Comparing sub items of lists and making changes in Python

56 views Asked by At

I have two lists originating from a part of speech tagger which look as follows:

pos_tags = [('This', u'DT'), ('is', u'VBZ'), ('a', u'DT'), ('test', u'NN'), ('sentence', u'NN'), ('.', u'.'), ('My', u"''"), ('name', u'NN'), ('is', u'VBZ'), ('John', u'NNP'), ('Murphy', u'NNP'), ('and', u'CC'), ('I', u'PRP'), ('live', u'VBP'), ('happily', u'RB'), ('on', u'IN'), ('Planet', u'JJ'), ('Earth', u'JJ'), ('!', u'.')]
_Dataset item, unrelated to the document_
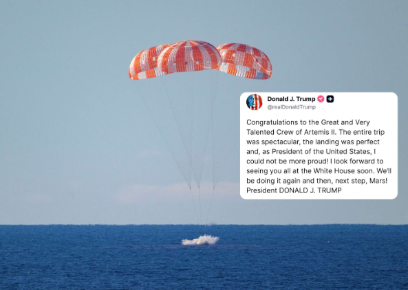 De la Luna a la Casa Blanca… y de ahí a Marte A través de su red social, Truth Social, Trump lanzó un mensaje que ya resuena en los laboratorios de la NASA. «¡Felicitaciones a la magnífica y talentosa tripulación! El aterrizaje fue perfecto y, como Presidente, no podría estar más orgulloso», escribió.

pos_names = [('John', 'NNP'), ('Murphy', 'NNP')]

I want to create a final list which updates pos_tags with the list items in pos_names. So basically I need to find John and Murphy in pos_tags and replace the POS tag with NNP.

3

There are 3 answers

1
xnx On BEST ANSWER

I agree a dictionary would be a more natural solution to this problem, but if you need your pos_tags in order a more explicit solution would be:

for word, pos in pos_names:
    for i, (tagged_word, tagged_pos) in enumerate(pos_tags):
        if word == tagged_word:
            pos_tags[i] = (word,pos)

(A dictionary would probaby be faster for a large number of words, so you might want to consider storing the word order in a list and doing your POS allocation using a dictionary).

0
Kevin On

You could create a dictionary from pos_names that behaves as a lookup table. Then you can use get to search the table for possible replacements, and leave the tag as-is if no replacement is found.

d = dict(pos_names)
pos_tags = [(word, d.get(word, tag)) for word, tag in pos_tags]
1
tdc On

Given

pos_tags = [('This', u'DT'), ('is', u'VBZ'), ('a', u'DT'), ('test', u'NN'), ('sentence', u'NN'), ('.', u'.'), ('My', u"''"), ('name', u'NN'), ('is', u'VBZ'), ('John', u'NNP'), ('Murphy', u'NNP'), ('and', u'CC'), ('I', u'PRP'), ('live', u'VBP'), ('happily', u'RB'), ('on', u'IN'), ('Planet', u'JJ'), ('Earth', u'JJ'), ('!', u'.')]

and

names = ['John', 'Murphy']

you can do:

[next((subl for subl in pos_tags if name in subl)) for name in names]

which will give you:

[('John', u'NNP'), ('Murphy', u'NNP')]